Нет, здесь надо лечить. Но как?
С болью замечала Женя, как изменилось Витино отношение к девочкам-подружкам. Ничего не осталось от прежнего грубоватого, но уважительного товарищества. Его заменил постоянный поединок, как будто есть что-то неприличное в спокойном равенстве и согласии полов. Конечно, восемнадцать лет — не четырнадцать, но теперь и подростки держали себя с девочками так же вызывающе.
Женя собралась поговорить с сыном и была почти уверена, что это не приведет к лучшему.

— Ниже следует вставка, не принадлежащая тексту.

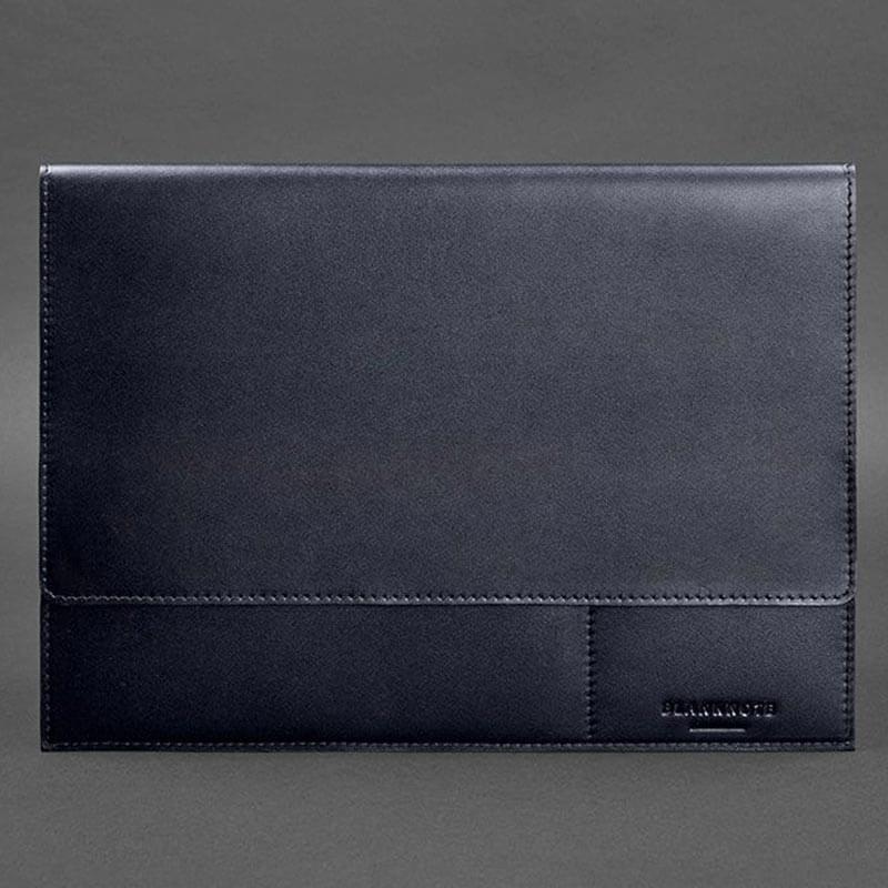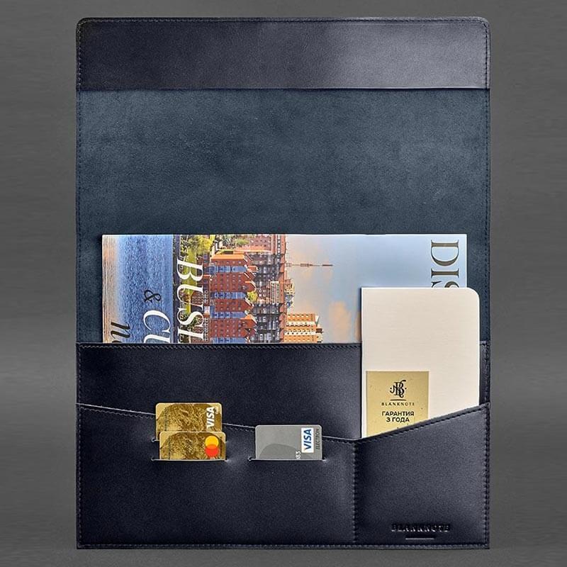 Кожаная папка для документов А4 на магнитах (темно-синяя)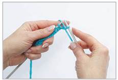 Мал. 4.4. Положення робочої нитки під час в'язання лицьової петлі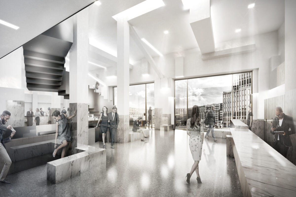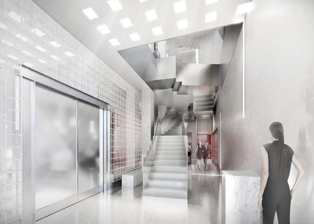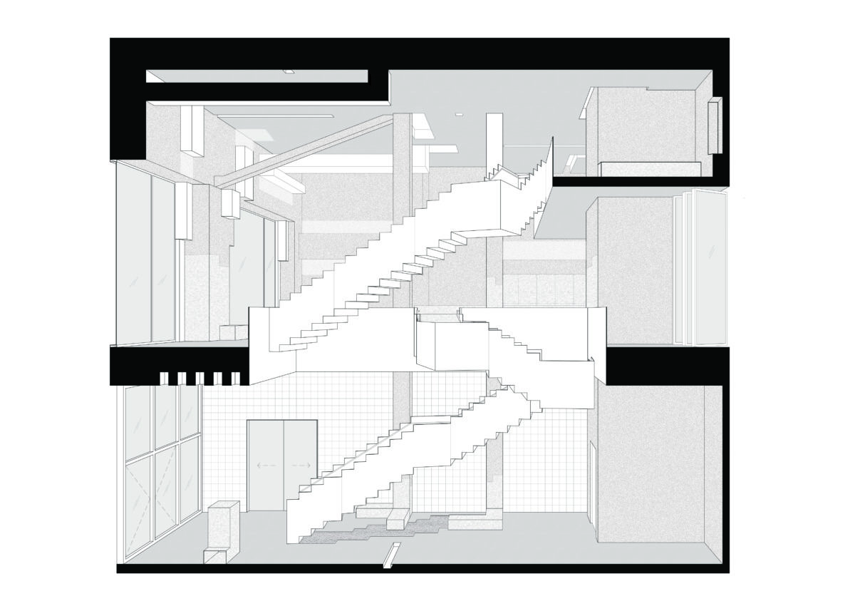 This unrealized proposal for the Vodafone building on Leipzigerplatz 14 investigates the transformative potential of a found condition. The existing fireproofing material – a fortuitous composition of gypsum board – is reframed as a raw canvas for material exploration. A network of interconnected yet disjunctive angular stairs navigates the vertical space, their form echoing the distorted surfaces overhead. This interplay between the meandering stairs and the amplified ceiling texture erodes the distinction between interior and exterior, transforming the ceiling into a dynamic element that interacts with the urban context. The accidental becomes intentional, the overlooked becomes a field for architectural investigation.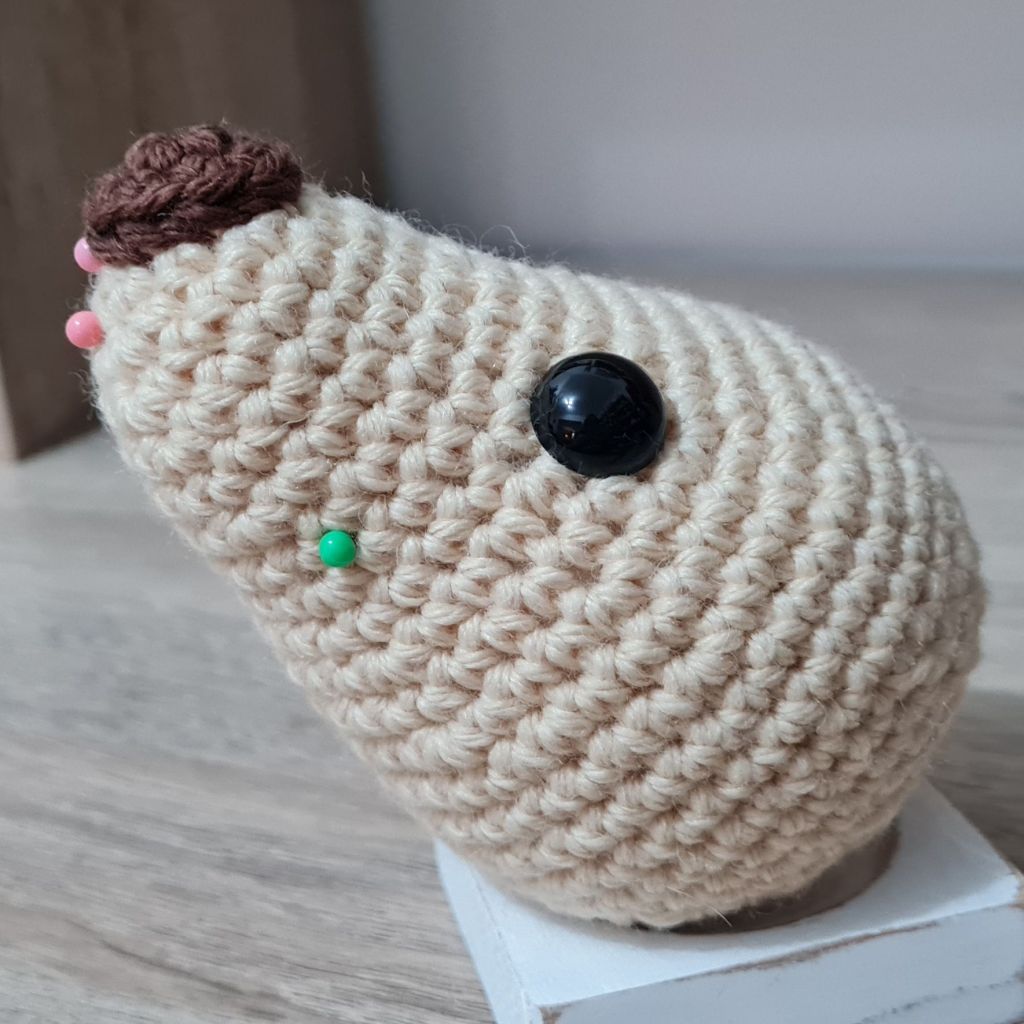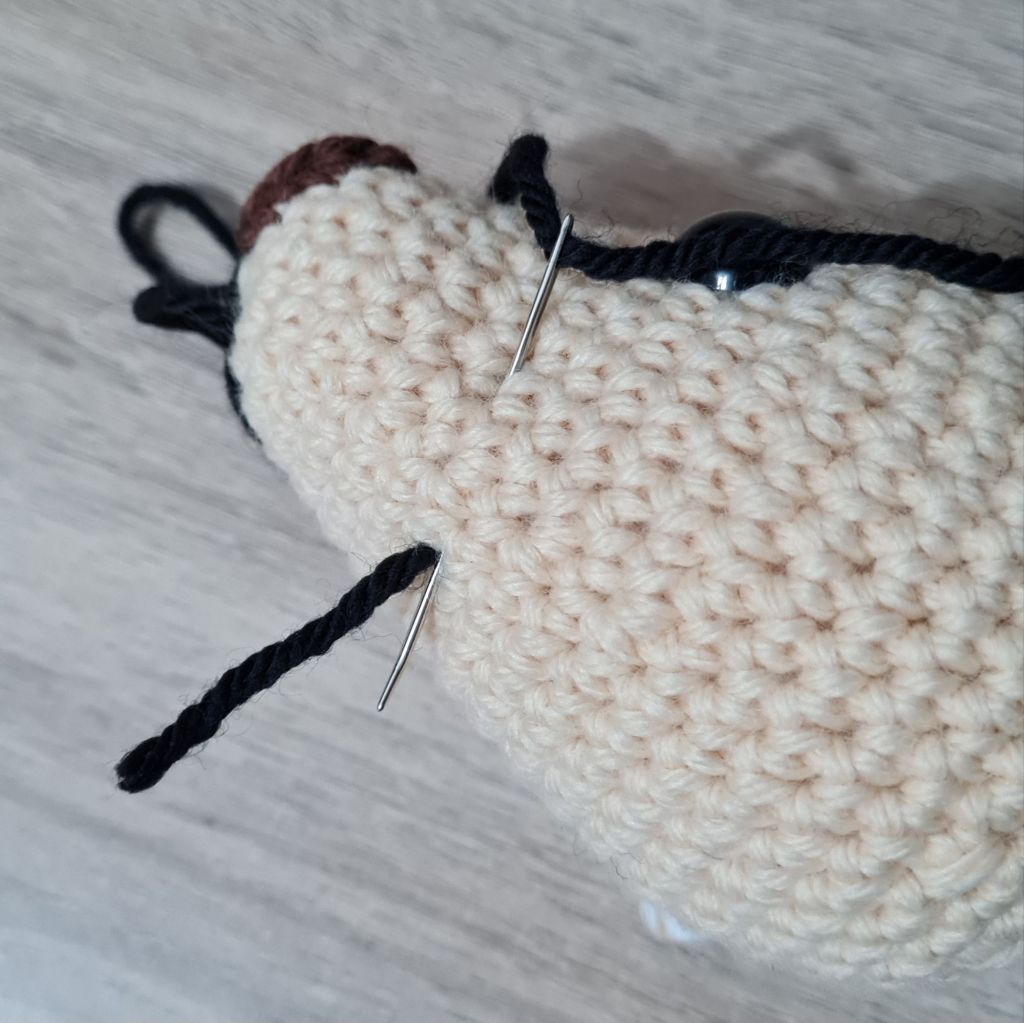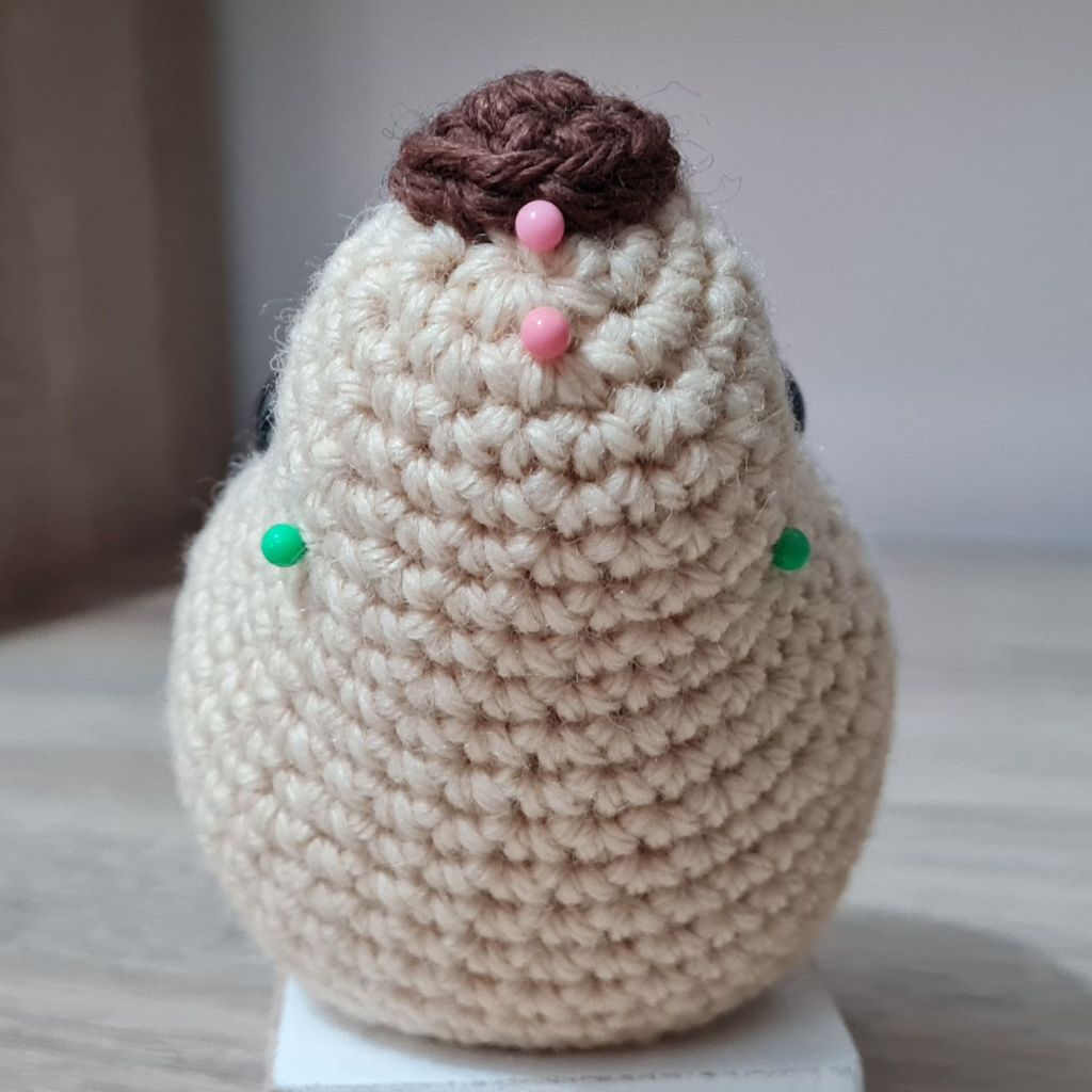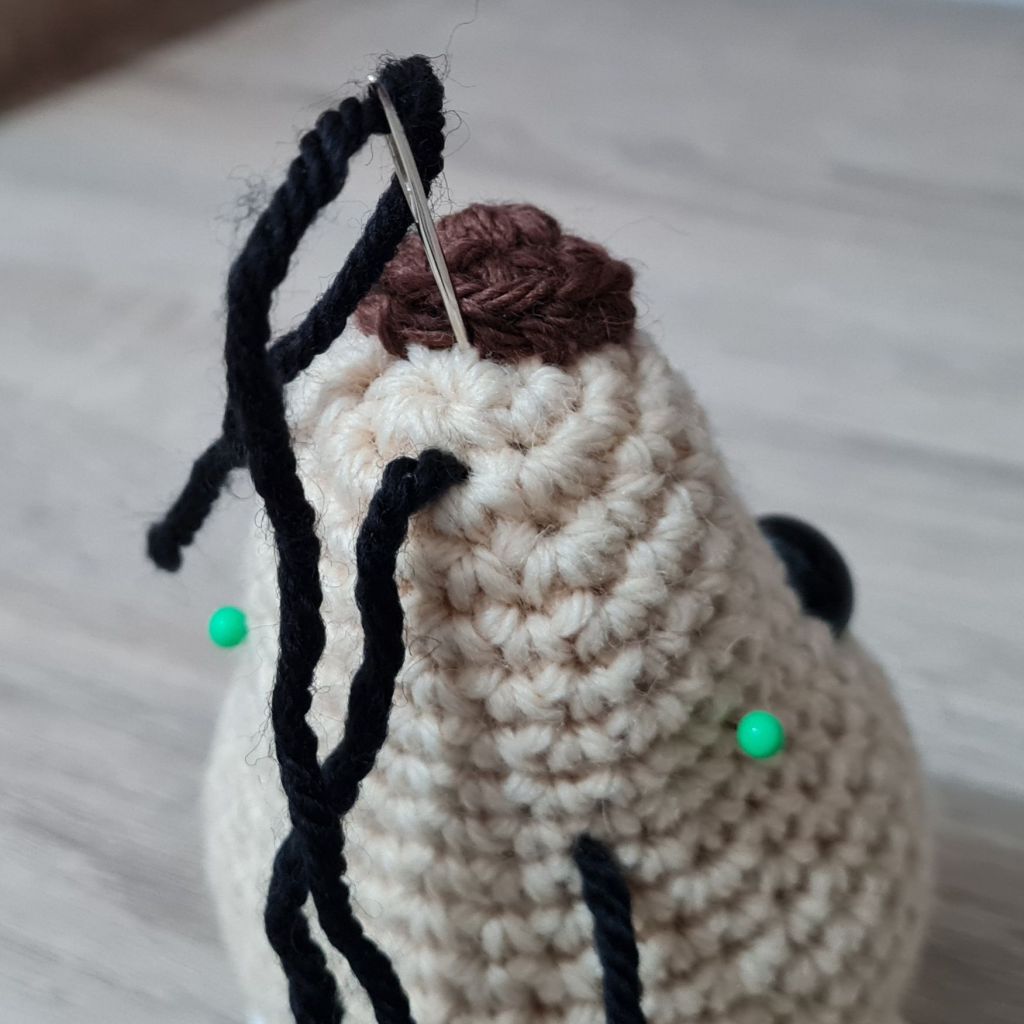 8. Squish the stuffing around until the ends of the yarn go inside the piece and can no longer be seen, or you can insert your needle and move the stuffing around a little

Женщин после войны стало гораздо больше, чем мужчин, и будет становиться все больше. Должно быть, кто-то думает, что это опасно для общества; что следует выделить немногих женщин, которым не придется страдать от этого бедствия, то есть тех, кто сумеет выйти замуж, у кого будет семья. А остальные, многие, лишние, будут и несчастливы, и виновны. И даже есть уже закон, укрепляющий все это.
Но если отношение к женщине, к ее свободе, к праву ее выбора должно неизбежно поколебаться, каков же будет авторитет матери? А разве и сейчас уже не приходится слышать афоризм: «Мама есть мама!» То есть внешне уважай, но не слушайся, уж она тебе скажет! Сколько презрения в этом снисхождении к матери, в предпочтении разговора с отцом «как мужчина с мужчиной» — выражении, уже набившем оскомину своей пошлостью! Но Женя не хотела поддаваться этим мыслям.
Конечно, Виктор любил ее. Но уважение, если уж признаться, она внушила ему только один раз, там, в Челябинске, когда против его воли приютила и защитила чужого старика.
Она медлила с решительным объяснением, но Виктор сам вызвал ее на это.
Однажды вечером, вернувшись домой в хорошем, словоохотливом настроении, Виктор сказал:
— Смешно! Во всем театре мы с Вакулевым были единственными мужчинами. Все остальные сплошь дамы.
— Что же тут смешного? — спросила Женя, еще сдерживаясь.
— Чувство юмора — кажется, не порок.
— Отчего же, по-твоему, были «сплошь дамы»? Куда же девались мужчины?
Виктор озлился.
— Ты, кажется, собираешься агитировать. Я лучше уйду.
— Уходи, — сказала она.
Но он не уходил, а с обиженным видом подвинул к себе чай.
— Что ты хочешь от меня, не понимаю!
— Только человечности. Женщины так много потеряли на войне! Свою молодость, свое будущее. Те вдовы и сироты, которых ты сегодня видел, — они и в войну работали, а многие и там были, в огне…
— А мне это неизвестно, по-твоему?
— Зачем же ты издеваешься над ними?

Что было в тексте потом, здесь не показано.